Sowerby v Charlton (2005)

Sowerby v Charlton (2005)

Court of Appeal
Date: 21/12/05

The Issues: The Claimant had suffered catastrophic injuries following an accident on the defendant’s property. Before the issue of multi-track proceedings, the Defendant had admitted liability in an open letter, but subsequently withdrew the admission following the issuing of proceedings. The Claimant wanted to rely on the pre-action admission of liability and thereby strike out parts of the defence. The previous rules (RSC O.27 r.3 – by that time superseded) governed both pre action and post action admissions. Did r.14.1 (current in 2005) do the same?

Held: There was provision under the CPR regime for pre-action activity in the form of pre-action protocols and pre-action disclosure, but the CPR are principally concerned with the regulation of cases after proceedings have been issued. The CPR had been carefully drafted and there seemed no intention that a pre-action admission of liability would be included in the wording of CPR 14.1(1). A party's case was not formally set down until the claim form or particulars of claim were prepared, and a person did not ordinarily become a party until legal proceedings had been issued.
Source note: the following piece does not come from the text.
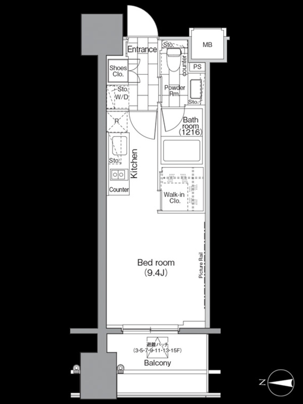 | 建物階数 | 地上15階 | 部屋階数 | 14階 |
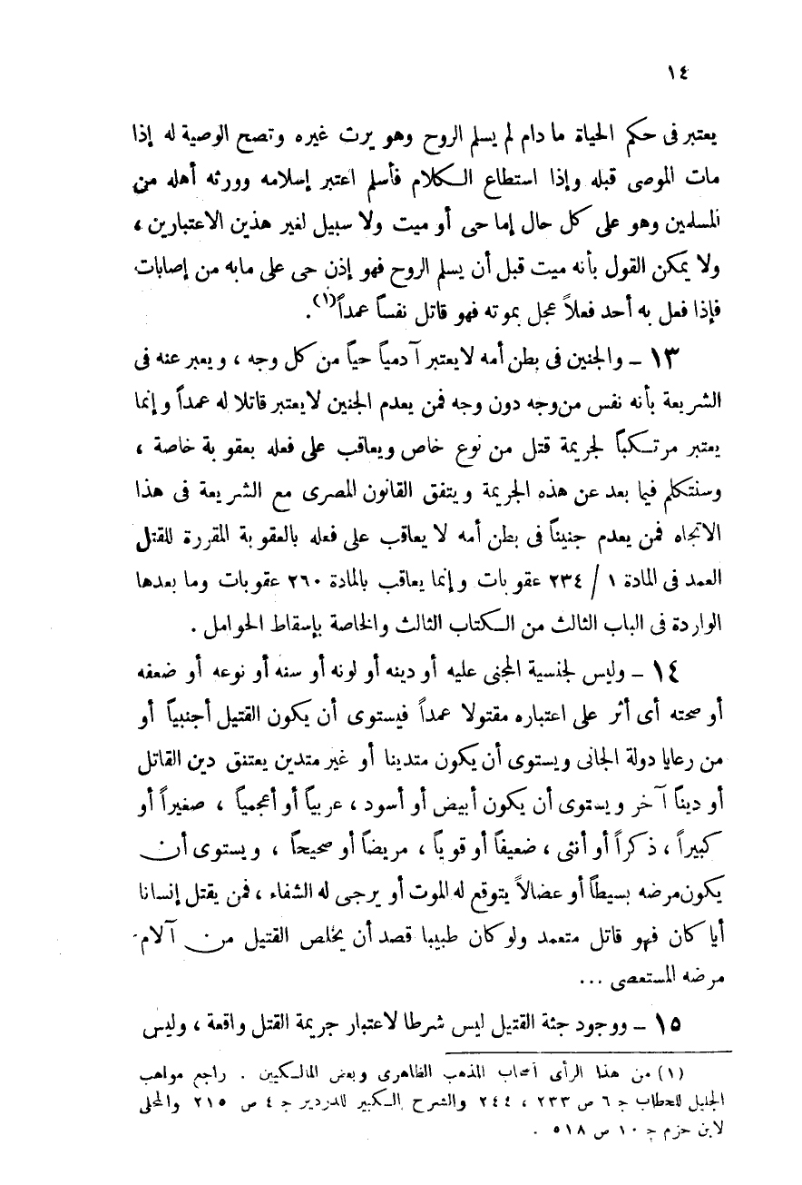 13 - والجنين فى بطن أمه لا يعتبر آدميًّا حيًّا من كل وجه: ويعبر عنه فى الشريعة بأنه نفس من وجه، دون وجه فمن يعدم الجنين لا يعتبر قاتلاً له عمدًا، وإنما يعتبر مرتكبًا لجريمة قتل من نوع خاص، ويعاقب على فعله بعقوبة خاصة، وسنتكلم فيما بعد عن هذه الجريمة.

Furthermore the presumption in the Personal Injury Pre-Action Protocol that a pre-action admission was binding, was not intended to apply to multi-track claims. There was express recognition in para 2.9 of the Protocol that letters of claim and responses were not intended to have the same status as a statement of case in proceedings.

Comment: The CPR were amended in the 44 th update (r.14.1A) so that where a pre-action admission is made after 6 April 2007, and after receipt of a letter of claim in accordance with the personal injury pre-action protocol, this admission can only be withdrawn:

  • with the consent of the Claimant before the issuing of proceedings, or
  • where proceedings have been issued with the consent of all parties to the proceedings, or with permission of the Court.

Paragraph 1.1(2) of the relevant Practice Direction states that although the personal injury pre-action protocol is “primarily designed” for those claims of less than £15,000, the protocol applies generally to all personal injury claims. It therefore seems that r.14.1A applies to both fast and multi-track claims.

The decision in Sowerby is therefore unlikely to affect any pre-action admission made after 6 April 2007, but will continue to be applicable to an admission made before this date.